Panelists discuss the growing importance of deterministic AI models in financial environments, the emergence of agent-based workflows, and the need for strong controls as AI moves from experimentation to enterprise-scale deployment.
The discussion highlights real-world implementations of AI across finance operations, including reporting automation, productivity gains, and risk management modernization.
As AI adoption accelerates, finance functions are emerging as one of the most critical proving grounds for responsible, scalable enterprise AI.
Marie Myers
Executive Vice President and CFO
Hewlett Packard Enterprise
Andrew Moore
Chief Financial Officer
Prime Communications
Admiral Douglas Fears (Ret.)
Chief Operating Officer
Artis International
Former Homeland Security Advisor
Kerry Back - Moderator
J. Howard Creekmore Professor of Finance and Professor of Economics
Rice University
How is AI used in finance operations?
AI is used to automate reporting workflows, analyze large datasets, identify operational trends, and improve forecasting accuracy across financial processes.
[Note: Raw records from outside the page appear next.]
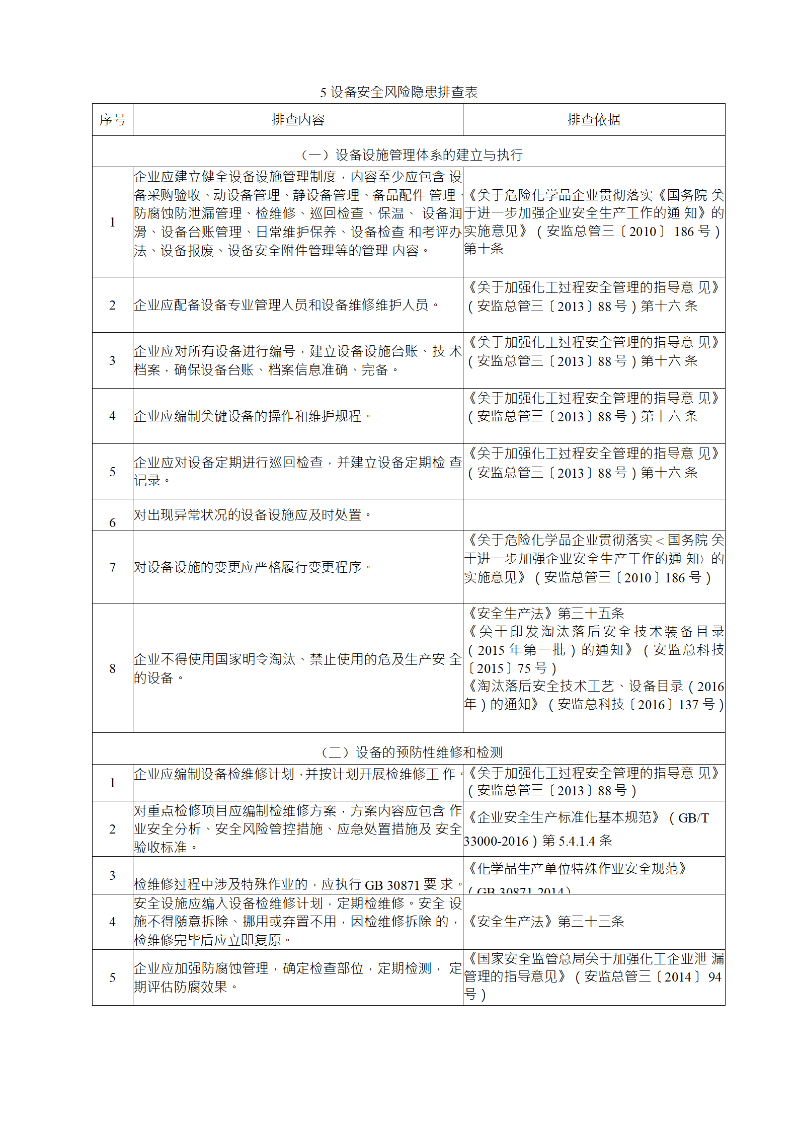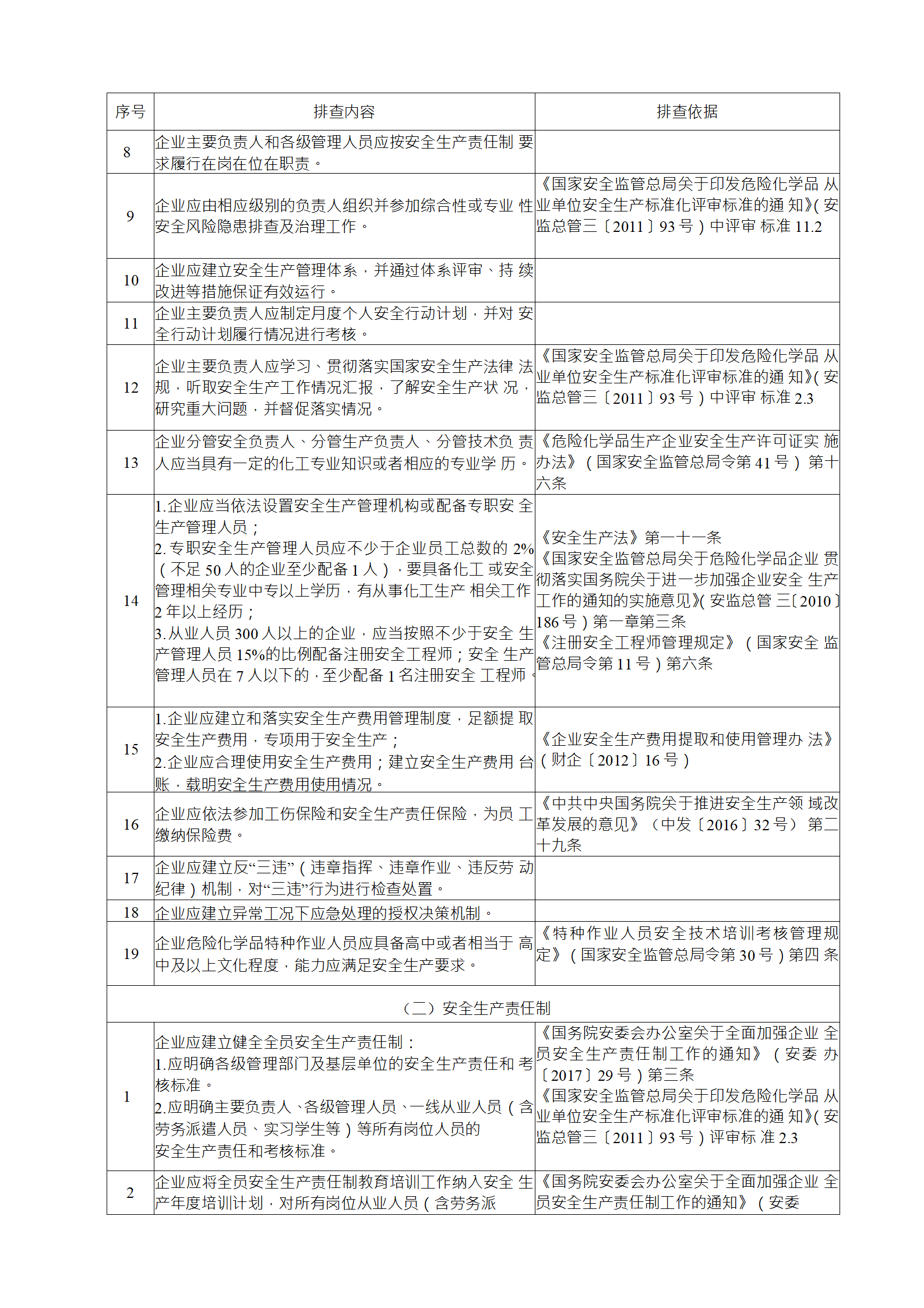 (2)綜合性排查是指以安全生產(chǎn)責(zé)任制、各項(xiàng)專業(yè)管理制 度、安全生產(chǎn)管理制度和化工過(guò)程安全管理各要素落實(shí)情況為重點(diǎn)開(kāi)展的全面檢查;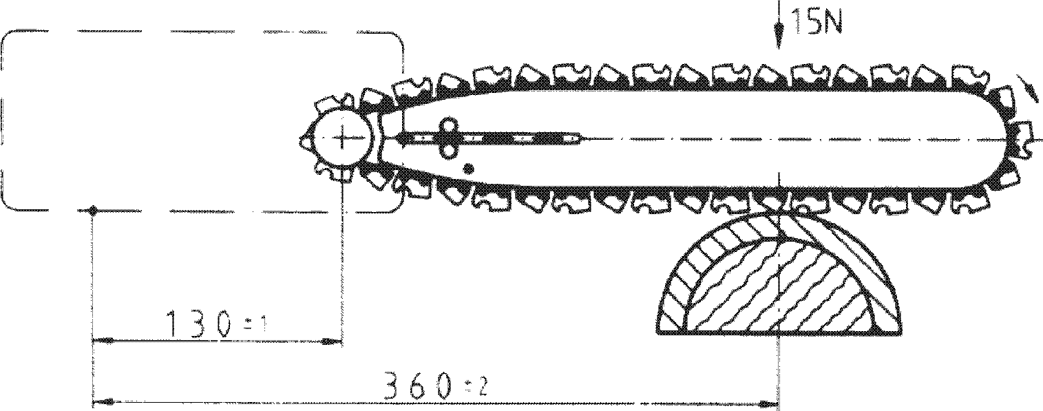 Для выполнения испытания скорость движения цепи пилы сначала доводят до требуемого значения с использованием любого подходящего привода. В момент испытания привод отключают от пилы и маховика, одновременно опуская блок пилы с минимальной высоты вниз с поворотом до испытуемого образца. Пила постепенно, не прекращая движения, продолжает двигаться (и в обычных условиях врезаться в образец), пока вся ее кинетическая энергия не будет израсходована.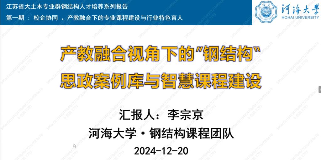 作者:姚江峰 图片作者:姚江峰 来源:18porn 发布日期:2024-12-27 浏览:次12月20日,教育部“土木工程课程群虚拟教研室”与江苏省土木建筑学会钢结构专委会联合主办、18porn与河海大学联合承办了“江苏省大土木专业群钢结构人才培养系列报告”活动。教育部“土木工程课程群虚拟教研室”负责人、河海大学副校长沈扬,江苏省土木建筑学会钢结构专委会主任委员、18porn党委常委、副校长唐柏鉴分别致辞。唐柏鉴感谢主办方举办此次活动,表示两平台携手育人,促进校企合作,共同推动了钢结构人才培养和产教融合的发展。来自全国高校、企业的180余位师生、管理与技术人员参加了活动。

What is deterministic AI in finance?
Deterministic AI produces consistent outputs from identical inputs, making it essential for financial reporting, auditing, and compliance processes.
What is agentic AI?
Agentic AI refers to systems that take actions based on predefined workflows, enabling automated decision support and process execution.
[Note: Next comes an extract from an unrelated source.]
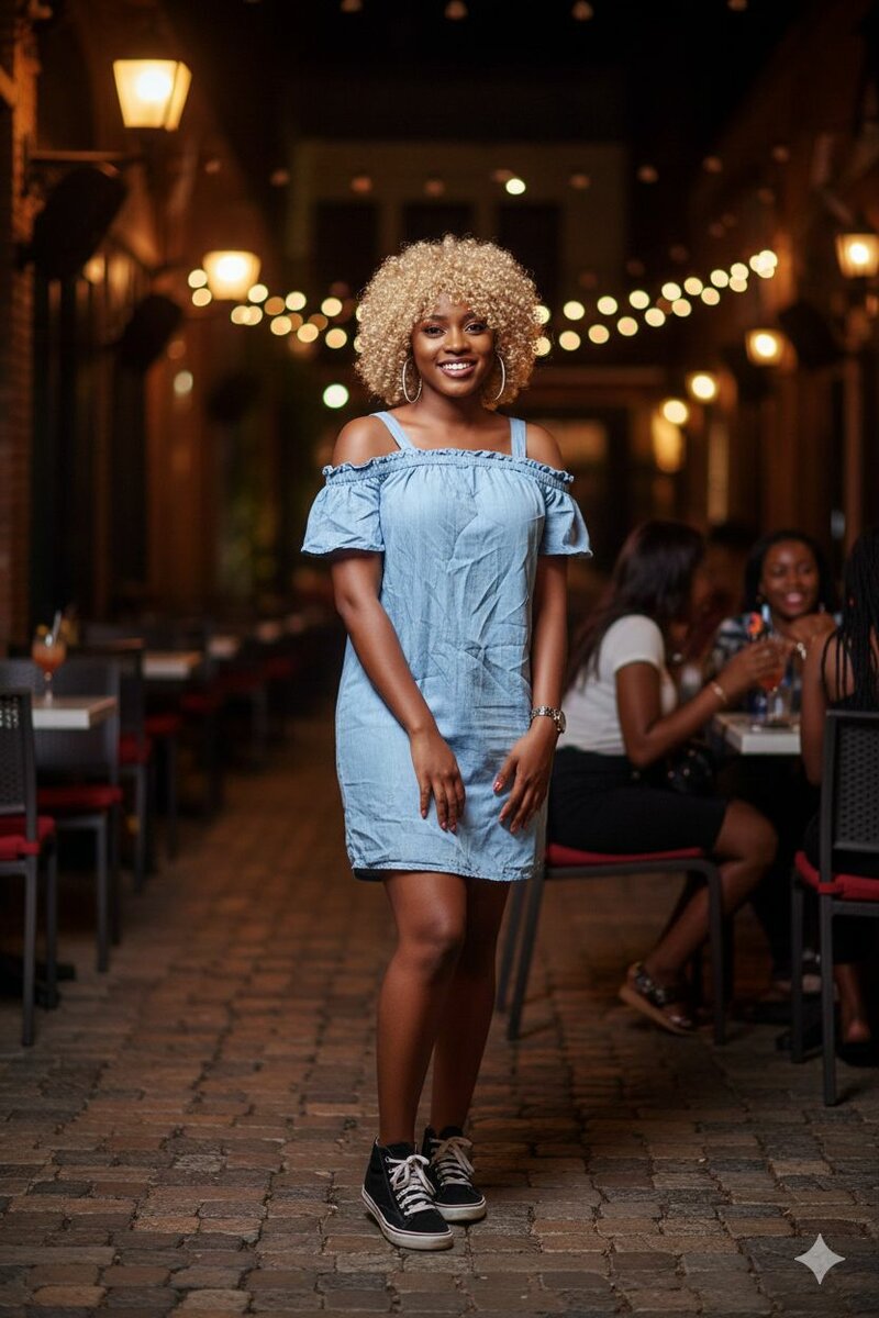 Cette robe en jean légère et décontractée est parfaite pour les sorties estivales. Avec son design épaule découverte et sa coupe flatteuse, elle assure un look tendance et confortable. Idéale pour un style casual ou un événement convivial, elle se marie parfaitement avec des baskets ou des sandales.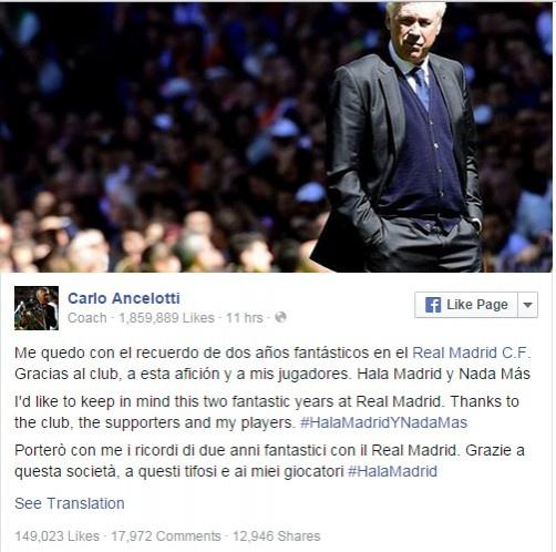 وبدوره، نشر أنشيلوتي رسالة بثلاث لغات -الإسبانية، الإنجليزية والإيطالية- على صفحته الرسمية بموقع التواصل الاجتماعي الشهير فيس بوك، مؤكداً فيها اعتزازه بالعامين الذين قضاهما على رأس الجهاز الفني بقلعة البرنابيو، واللتين شهدتا تحقيق الفريق لدوري أبطال أوروبا للمرة العاشرة بالإضافة لكأس إسبانيا في عامه الأول، إلا أنه قد دفع ثمن عدم تتويجه ببطولةٍ كبرى في العام الأخير، بالرغم من تتويجه بلقبي كأس السوبر الأوروبي وكأس العالم للأندية -الشرفيين- في وقتٍ مبكرٍ من الموسم الحالي.

How does AI impact financial risk management?
AI enhances risk management by identifying anomalies, improving forecasting accuracy, and enabling faster detection of financial irregularities. Organizations can shift from reactive risk response to predictive risk management using AI-driven analytics.
Why is governance critical for AI in finance?
Governance ensures that AI systems operate within regulatory boundaries, maintain data integrity, and provide traceable decision outputs. In financial environments, governance frameworks are essential to maintain trust, audit readiness, and regulatory compliance.